As the health care industry moves away from fee-for-service toward value-based payment, telemedicine holds big potential for expanding access to after-hours care and keeping patients out of high-cost settings, which can be a huge help in achieving shared savings goals and other efficiency measures.
On the other hand, the speed of telemedicine’s growth and adoption constitutes a threat to physicians’ status quo. “When you look at where retail health is moving and the commoditization of health care services, there is a lot of interest from hospital systems, from private companies to move into the primary care sphere and essentially carve up services that I would argue should be maintained by the patient’s primary care doctor.”
Banning predicts as patients use more telemedicine and realize the benefit of not having to leave their home or office to go to a doctor’s office or even a retail health clinic, telehealth could render retail health obsolete. “How physicians get ahead of this trend is going to be critical going forward.”

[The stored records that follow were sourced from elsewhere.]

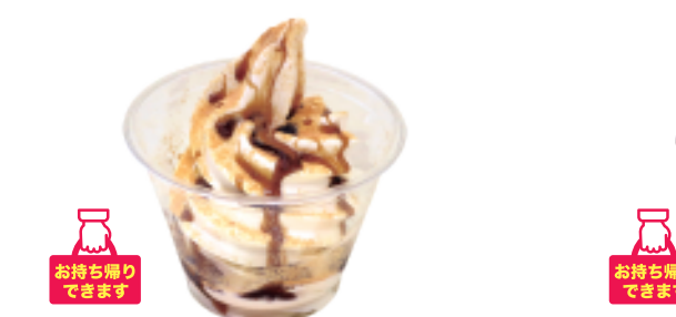
きなこ黒蜜 本体価格 ¥460 お持ち帰り (税込 ¥497) 店内ご飲食 (税込 ¥506)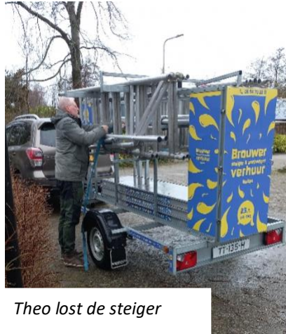
Theo lost de steiger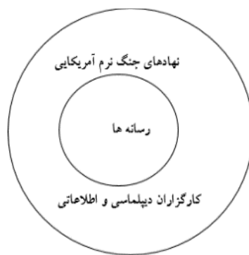
شکل ۱. تاکتیک برجسته‌سازی در مذاکرات هسته‌ای

با توجه به پژوهش موردنظر، در مذاکرات هسته‌ای، طرفین مذاکره بارها در جنگ رسانه‌ای خود با برجسته‌سازی اقدامات و تحرکات، پیشبرد اهداف را فراهم می‌ساختند. براساس این نظریه عوامل اجراکننده عملیات روانی بر عهده دو گروه کلی رسانه‌ها و بخش دیپلماسی، اطلاعاتی و نهادهای جنگ نرم آمریکا بود. در واقع این دو عوامل نقش عوامل برون سازمانی و درون سازمانی نظریه برجسته‌سازی را ایفا کرده‌اند. رمز موفقیت این دو عامل در همپوشانی و تعامل راهبردی با هم است. ادعایی که در ادامه با تحلیل محتوایی عملکرد کارگزاران جنگ نرم آمریکا با بهره‌گیری از سازوکارهای عملیات روانی مورد ارزیابی قرار گرفته است. در یک جمع‌بندی کلی از بحث نظری این مقاله می‌توان گفت ساخت آگاهی عمومی مرتبط با موضوعات بازیگران از محیط بین‌الملل و رفتار دیگران متأثر از تجربه و زمینه تاریخی آن‌ها نسبت به «خود» از «دیگران» است. در چنین شرایطی، مسئله‌سازی، دوستی و دشمنی را خود دولت‌ها بنا بر محیط ذهنی خویش که انباشته از تجربیات زمینه‌مند است، تعریف می‌کنند. مطابق با این طرز فکر وجود یک سلاح در دست یک دوست، متفاوت از وجود همان سلاح در دست دشمن است. آمریکا با استفاده از ظرفیت‌های داخلی و بین‌الملل خود نسبت به ایجاد ساخت عمومی موضوعات برای مواجهه یا فعالیت‌های هسته‌ای ایران و به‌ویژه مذاکرات هسته‌ای اقدام کرده است.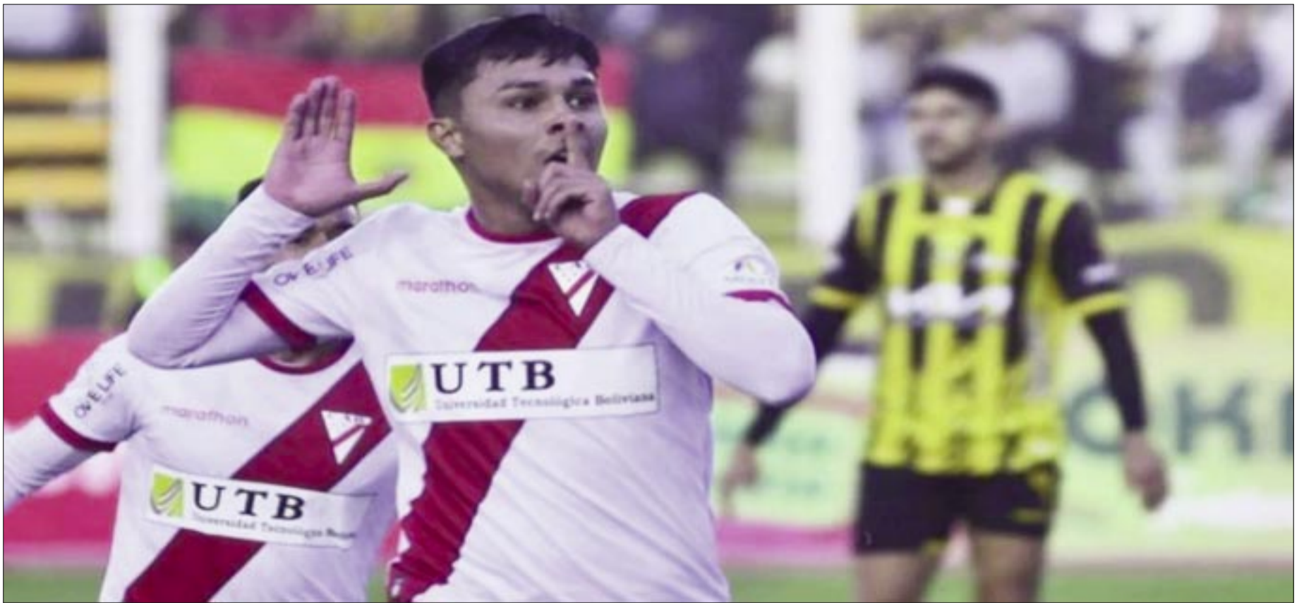
EL HISTÓRICO EQUIPO LILA FUE SUPERIOR A SAN JUAN FC. GOLEÓ EN LA PRIMERA FINAL (4-0)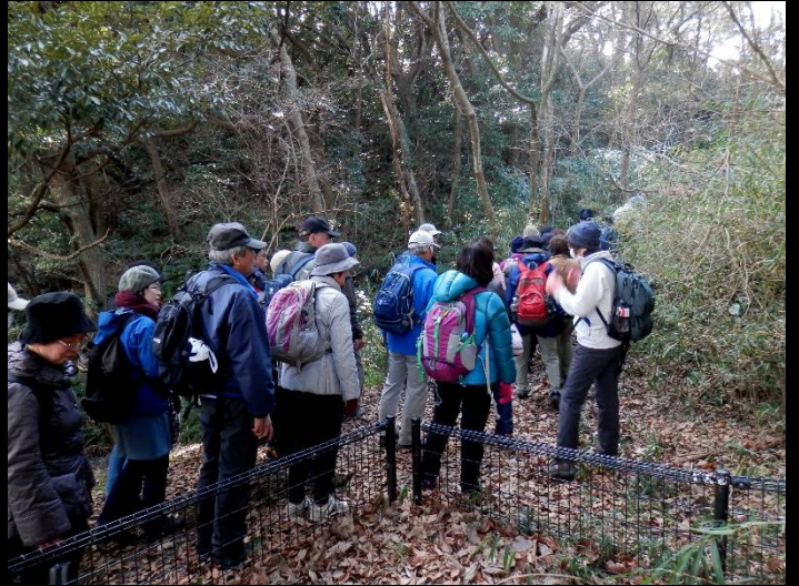
いよいよ待望の山道に！でもこの先に道あるの？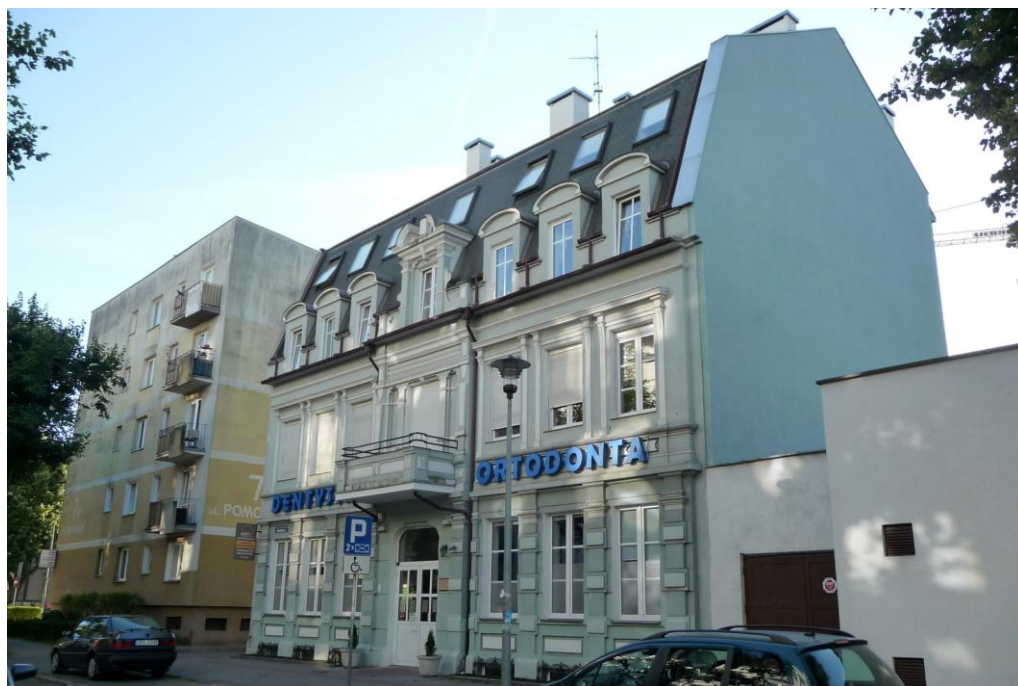
Widok budynku od wschodu

8. Fotografia z opisem wskazującym orientację albo mapa z zaznaczonym stanowiskiem archeologicznym

TAFP is committed to helping family physicians realize the opportunities telemedicine offers. First, the Academy is working with health plans to ensure that physicians who want to provide telehealth services are compensated appropriately for doing so.
“There is no less cognitive skill used whether the patient is in your office or you’re treating them over a mobile or telehealth device,” Banning says. “The liability still exists.”
Secondly, TAFP will continue to ensure that patient safety is first and foremost, whether care is delivered in person in a clinic setting or via the use of telehealth technology. “Patient safety must be the cornerstone,” Banning says. Within that boundary, the Academy will work with the Texas Medical Board and other regulatory agencies to make sure physicians have the flexibility to determine what each patient needs, whether he or she can be treated using telehealth or whether the patient should come into the office.
“I think the real challenge is that the technology is growing at such a rapid rate that the regulations, the laws, and the reimbursement are having trouble keeping pace. But as of now the medical board has written very thoughtful rules that emphasize patient care and the importance of continuity.”
Lastly, TAFP will monitor the telehealth market and seek to evaluate vendors and technologies to help family physicians make confident decisions when implementing telehealth products and services.
For years the concept of telemedicine was stuck in a mire of regulation and technical impracticality, relegated to the list of potential solutions for delivering care to poor folks in far flung rural areas. With the rise of consumerism in health care, those days are over. Patients want instant access and they’re willing to pay for it. For them, telemedicine offers the greatest convenience. Physicians will have to find ways to embrace this disruptive technology to engage their patients in a new virtual paradigm.